Pierce is an interesting one. There are definitely negatives, most notably his 28% carry share and 12% dominator rating at Florida. If he landed with any other team, I wouldn’t have near as much interest. That said, I like Marlon Mack as much as the next guy, but as an RB, he’s shown to be nothing more than “just a guy” and has had injury-plagued seasons. If Pierce can translate his 39% missed tackle rate to the NFL, I could see him taking the reins of that backfield.

PICK 13.03 – Deshaun Watson (QB – CLE)

PICK 14.10 – Marlon Mack (RB – HOU)

Ordinarily, I wouldn’t even take a QB as a backup to Brady, but Watson fell too far. His suspension issues still loom, but there’s zero risk to that for me if I have Brady already. In Watson’s last three full seasons, he finished QB4, QB5, and QB5.

This pick was about hedging my Pierce pick with Mack. Technically right now, he’s listed as the RB1 on the team, and this is the cheapest RB1 you’ll get in drafts. Dameon Pierce certainly poses a threat to make this a committee approach, but Rex Burkhead and Royce Freeman do not, so I like having both late in the draft to see how camp shakes out.

PICK 15.03 – Los Angeles Rams D/ST

PICK 16.10 – Robbie Gould (K – SF)

The last two picks round out my team nicely.
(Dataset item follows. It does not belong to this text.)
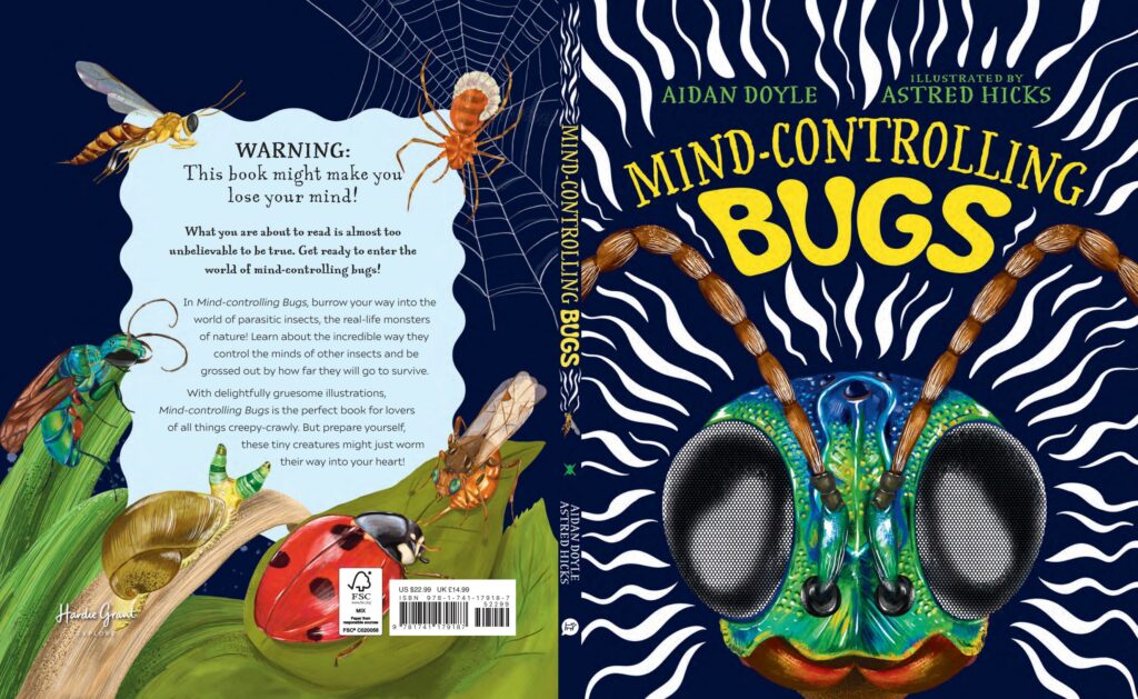 Mind-controlling Bugs is a 48-page illustrated hardback non-fiction book for kids ages 6 and up. It’s filled with fun, creepy facts about weird parasites and real-life zombies. Wasps that turn caterpillars into bodyguards, parasites that target other parasites and heroic bumblebees which will sacrifice themselves to protect their colony from infection.

I may be higher on the Rams D than the consensus, but they have 50 sacks in three straight seasons, which provides a nice baseline for D/ST points, and key pass rusher Aaron Donald is returning after there were hints of retirement.

Many kickers were gone, so I’m OK with Gould, who continues to produce on FGs as he enters his 17th (wow) season in the NFL. Matt Prater was also considered here on an offense that should be a little more dynamic.